# Range Report: Guilty Pleasure



## RogerThat (Jul 30, 2009)

As people may or may not know from a previous post. I just recently bought a kimber stainless pro carry II. My first kimber and first 1911 at that. Well I liked the gun so much. I decided (thank you visa) to buy another one. I got the Kimber CDP II 1911 .45 acp. I shot 50 rounds and had ZERO problems, except a manual error. I didn't push the magazine all the way in by a little and it failed to load once, but no real big deal. Better than my stainless pro carry II did its first 50 rounds and that thing shoots like a well oiled machine now. So clear skies for this gun I believe. Also might I add, this is the most accurate gun I've shot. Heres the target from the range. FYI I wasn't aiming for the X in general just chest shots. By florida law I have to wait 3 days before I can take it home and baby it. So Wednesday I'll post pics asap!
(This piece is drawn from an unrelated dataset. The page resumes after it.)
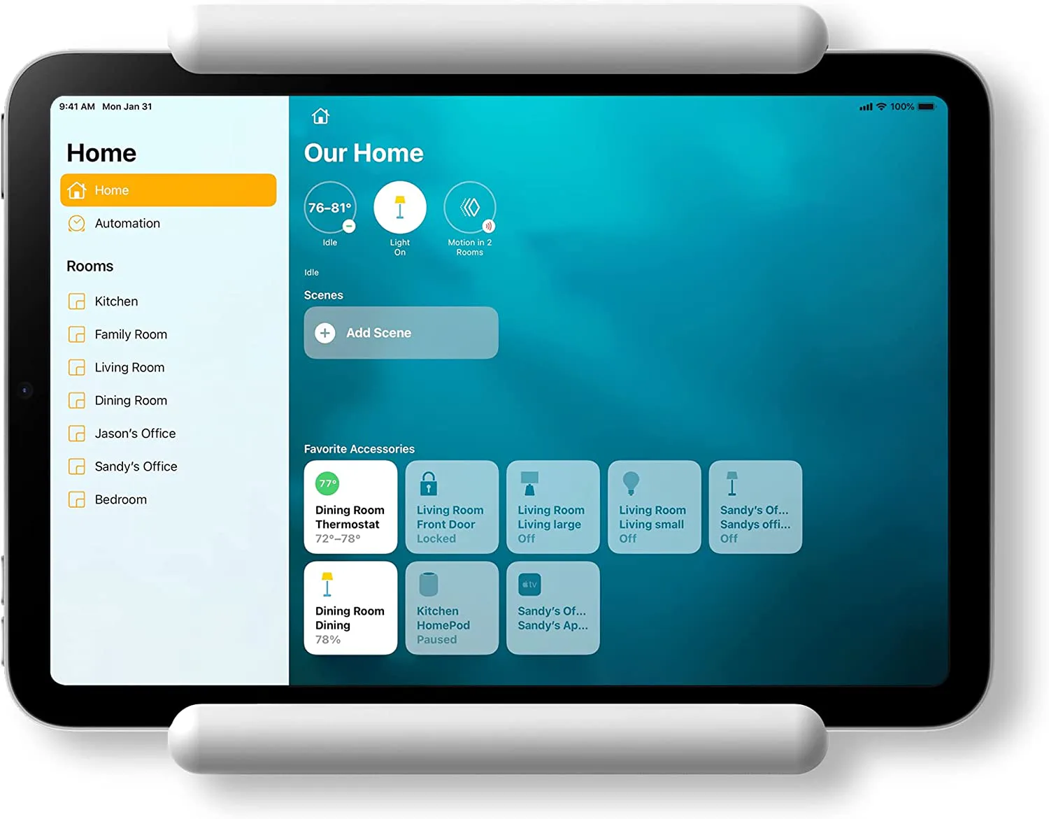 One smart way to keep your tablet secure and safe at home is to mount it on this wall mount. The mount is compatible with most iPads, including iPad Air, and comes in white, dark gray, or black. Keep the scratch-resistant silicone mount in place on your wall using the included hardware.

LOOK MOM!!! NO FLIERS!!! :mrgreen:


----------



## Locke (Sep 7, 2009)

was that at 25 yards?


----------



## RogerThat (Jul 30, 2009)

no more like 25 feet... I generally practice from the 7 yard mark.. thats about where you would be confronted by someone.


----------



## TOF (Sep 7, 2006)

Congratulations, it looks like your collection is on a roll.

tumbleweed


----------



## JeffWard (Aug 24, 2007)

Enjoy the new toys.... Now a few thousand rounds to reduce that group by a foot.... :buttkick:

Jeff


----------



## RogerThat (Jul 30, 2009)

JeffWard said:


> Enjoy the new toys.... Now a few thousand rounds to reduce that group by a foot.... :buttkick:
> 
> Jeff


I sure will enjoy them, well at least I didn't miss the target.


----------



## RogerThat (Jul 30, 2009)

TOF said:


> Congratulations, it looks like your collection is on a roll.
> 
> tumbleweed


Thanks :smt1099


----------



## Bisley (Aug 24, 2008)

Well, you killed him, but he suffered for awhile. Congratulations on the new Kimber - Aim small, miss small. :mrgreen:


----------